D'autres, en particulier les spécialistes des choix publics et d'autres spécialistes de la bureaucratie, ont constaté une méfiance généralisée dans le secteur public. Cette méfiance concerne à la fois la relation entre les politiciens et les hauts fonctionnaires, mais aussi les ministères défendant leur territoire. Les analystes ont également fait remarquer qu'avant la vague de réformes des années 1990, il y avait une profonde méfiance entre les gestionnaires et les politiciens, entre les gestionnaires eux-mêmes, entre les citoyens et le gouvernement, etc. (Osborne et Plastrik, 1998). De plus, les relations traditionnelles basées sur la confiance étaient parfois trop douces, comme en témoignent la politisation généralisée et la corruption qui ont permis aux idées du NPM de prendre de l'importance, ainsi que les scandales impliquant des professionnels non responsables publics. Les demandes croissantes qui ont émergé, pour une vérification et un contrôle accrus, sont l'expression de la méfiance qui existait (Power, 1999), et ne devraient probablement pas être perçues comme quelque chose qui a été imposé par le sommet, mais comme quelque chose qui s'est avéré fertile.
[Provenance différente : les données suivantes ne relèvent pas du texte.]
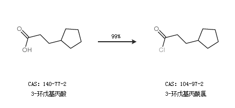1.通过3-环戊基丙酸合成3-环戊基丙酰氯,收率约99%;

Une dernière observation concerne le fait qu'avant les réformes du NPM, de nombreux secteurs publics souffraient déjà de vastes systèmes de contrôle et de conformité. Les organisations bureaucratiques traditionnelles respiraient la méfiance et exigeaient que les fonctionnaires de rang inférieur ou de la base demandent des autorisations pour tout et expliquent tout.
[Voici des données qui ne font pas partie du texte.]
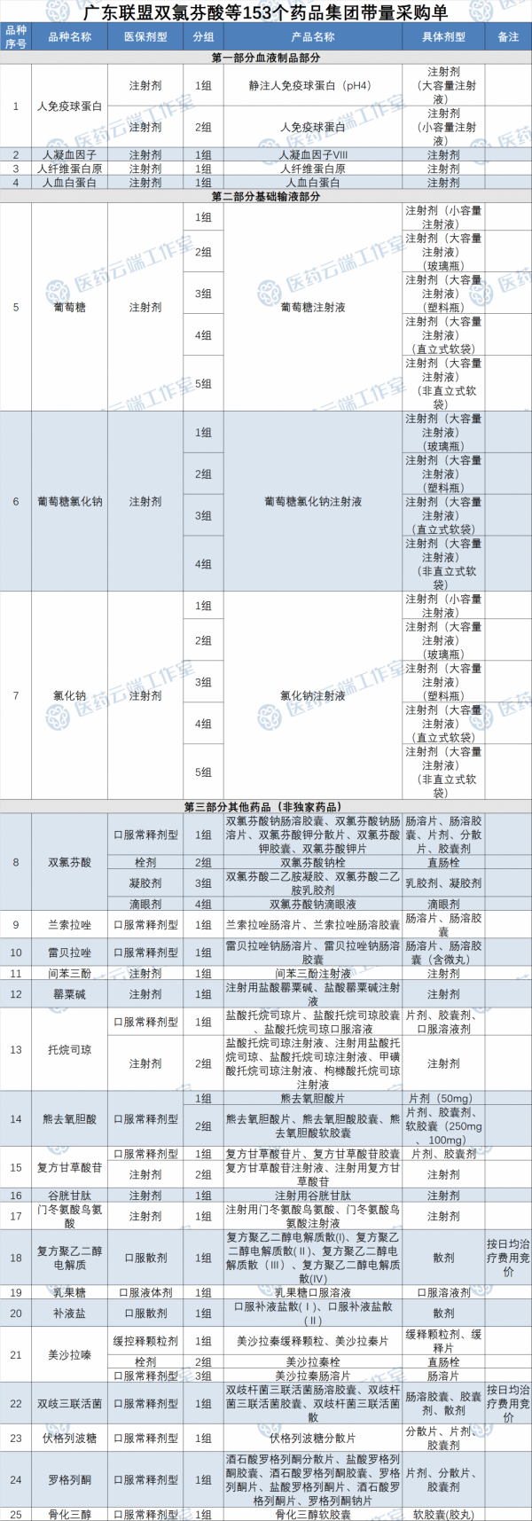此前(9月30日),广东省药交中心发布《广东联盟双氯芬酸等153个药品集团带量采购文件(征求意见稿)》,涉及153个品种,包括血液制品3个、基础输液4个和其他药品146个,其中50个为独家品种(分组后,现为51个)详见文末附表。

Cela montre que les effets créateurs de méfiance du NPM ne doivent pas être surestimés. Ce qui est intéressant cependant, c'est que les réformes de type NPM sont basées sur la fragmentation délibérée et la répartition des fonctions et la concurrence. Tout cela est basé sur l'hypothèse que la confiance est impossible, alors que la bureaucratie traditionnelle reposait sur la croyance, aussi mythique qu'elle puisse paraître, en un intérêt public.